Give all of the data again exactly as written, omitting every image.

Provided data:
--------------------
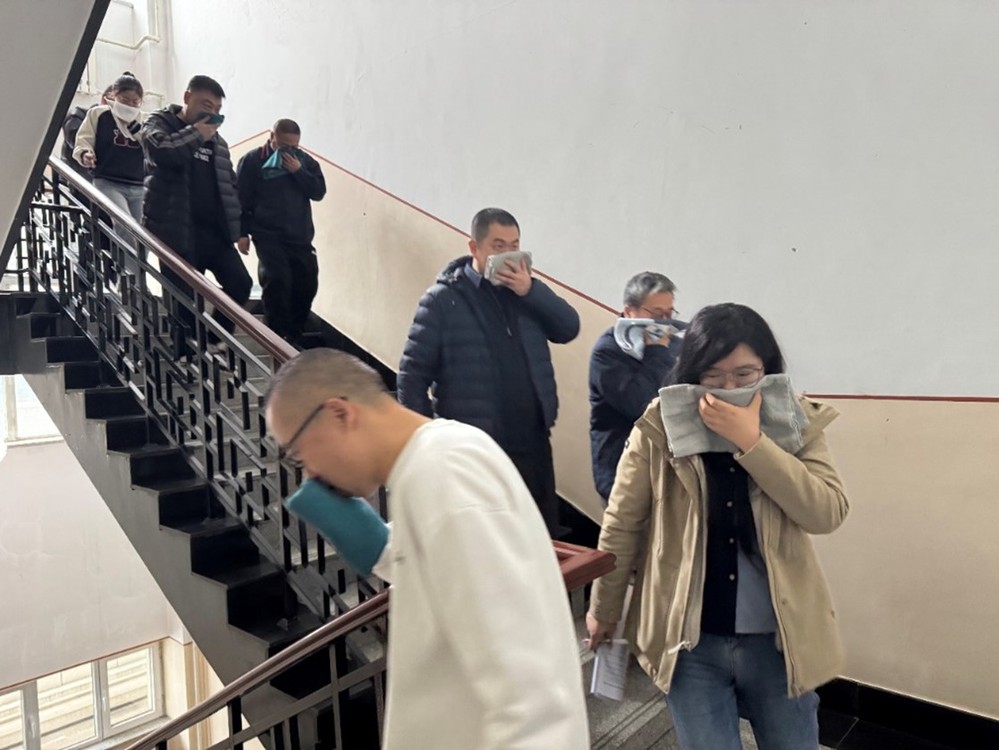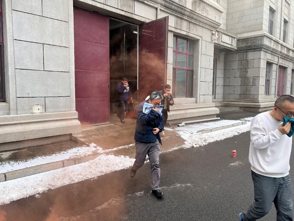 理论培训结束后,紧张有序的疏散演练正式拉开帷幕。为达到演练效果,本次演练分别从两个场地开始,模拟两个场景的疏散。场景一为某学生工作室突然发生火情并失控需紧急疏散,场景二为集体开会会场失火且无法扑灭。两个场景演练同步进行,设置了工作室学生与会场安全员火情报告求助电话演练。演练从火情报告开始,安全值班员接到学生的报警电话后评估火情并对学生下达撤离指令,学生工作室迅速组织学生疏散。会场这边按照现场指挥发出的具体指令,安全员引导逃生人员用湿毛巾捂住口鼻,按照预定的疏散路线迅速、有序地撤离至安全区域。全体师生均快速、安全疏散完毕,演练达到了预期效果。
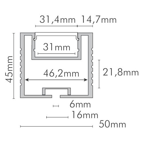 ** Caratteristiche generali **Composto da:-n. 1 profilo di alluminio da 2m,-n. 1 copertura da 2m** Caratteristiche Elettriche **Potenza dissipabile (35°C): 32W/m** Caratteristiche Meccaniche **Lunghezza profilo: 2mLarghezza: 50mmLarghezza interna: 31mmAltezza: 45mmGrado di protezione: IP20Materiale corpo: AlluminioColore corpo: NaturaleDiffusore: Policarbonato opaco** Attenzione **La copertura in Policarbonato (PC) è più sensibile alle temperature e ai raggi UV rispetto alla coperturain PMMA.Il profilo illustrato è un componente. Il suo corretto funzionamento con nastri led o moduli led dipende da importanti requisiti di installazione e dimensionamento. La potenza dissipabile è stata calcolata considerando una temperatura ambiente non superiore a 35°C in aria. Condizioni di installazione differenti devono essere opportunamente verificate da personale tecnico. Utilizzare la copertura solo con nastri led IP20.Alpha Elettronica declina ogni responsabilità per danni o malfunzionamentiderivati da un uso inappropriato del profilo.Il profilo illustrato non é compatibile con dimmer metal touch JO-CONTR-014.Il montaggio della copertura plastica deve essere effettuata a scorrimento.
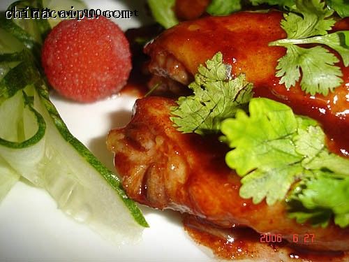 用料:鸡翅。把大小臂分斩开。 葱、姜、蒜切大块,大段。糖、料酒。腐乳汁。 做法: 1.炒菜锅里放油,稍热后放鸡翅翻炒至表皮发紧,不再有血水渗出,盛出来。 2.原锅再放一点儿油,稍热后放葱姜蒜。出香味后放料酒、糖、腐乳汁。 3.汁液大开后放鸡翅,添水到与鸡翅平。大火炖,收汤,汤快干时就好啦。 注意事项:腐乳汁的量多少算合适呢?最好是它足够做一锅鸡翅而不用再放盐的程度。没有腐乳汁,把腐乳搅烂也能用。汤快干时注意搅动,别让它糊了锅底。
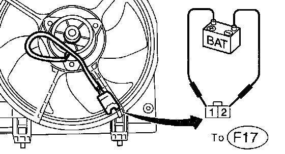 1. Connect battery positive (+) terminal to terminal No. 2, and negative (-) terminal to terminal No. 1 of main fan motor connector.
--------------------
Output below:
 理论培训结束后,紧张有序的疏散演练正式拉开帷幕。为达到演练效果,本次演练分别从两个场地开始,模拟两个场景的疏散。场景一为某学生工作室突然发生火情并失控需紧急疏散,场景二为集体开会会场失火且无法扑灭。两个场景演练同步进行,设置了工作室学生与会场安全员火情报告求助电话演练。演练从火情报告开始,安全值班员接到学生的报警电话后评估火情并对学生下达撤离指令,学生工作室迅速组织学生疏散。会场这边按照现场指挥发出的具体指令,安全员引导逃生人员用湿毛巾捂住口鼻,按照预定的疏散路线迅速、有序地撤离至安全区域。全体师生均快速、安全疏散完毕,演练达到了预期效果。
 ** Caratteristiche generali **Composto da:-n. 1 profilo di alluminio da 2m,-n. 1 copertura da 2m** Caratteristiche Elettriche **Potenza dissipabile (35°C): 32W/m** Caratteristiche Meccaniche **Lunghezza profilo: 2mLarghezza: 50mmLarghezza interna: 31mmAltezza: 45mmGrado di protezione: IP20Materiale corpo: AlluminioColore corpo: NaturaleDiffusore: Policarbonato opaco** Attenzione **La copertura in Policarbonato (PC) è più sensibile alle temperature e ai raggi UV rispetto alla coperturain PMMA.Il profilo illustrato è un componente. Il suo corretto funzionamento con nastri led o moduli led dipende da importanti requisiti di installazione e dimensionamento. La potenza dissipabile è stata calcolata considerando una temperatura ambiente non superiore a 35°C in aria. Condizioni di installazione differenti devono essere opportunamente verificate da personale tecnico. Utilizzare la copertura solo con nastri led IP20.Alpha Elettronica declina ogni responsabilità per danni o malfunzionamentiderivati da un uso inappropriato del profilo.Il profilo illustrato non é compatibile con dimmer metal touch JO-CONTR-014.Il montaggio della copertura plastica deve essere effettuata a scorrimento.
 用料:鸡翅。把大小臂分斩开。 葱、姜、蒜切大块,大段。糖、料酒。腐乳汁。 做法: 1.炒菜锅里放油,稍热后放鸡翅翻炒至表皮发紧,不再有血水渗出,盛出来。 2.原锅再放一点儿油,稍热后放葱姜蒜。出香味后放料酒、糖、腐乳汁。 3.汁液大开后放鸡翅,添水到与鸡翅平。大火炖,收汤,汤快干时就好啦。 注意事项:腐乳汁的量多少算合适呢?最好是它足够做一锅鸡翅而不用再放盐的程度。没有腐乳汁,把腐乳搅烂也能用。汤快干时注意搅动,别让它糊了锅底。
 1. Connect battery positive (+) terminal to terminal No. 2, and negative (-) terminal to terminal No. 1 of main fan motor connector.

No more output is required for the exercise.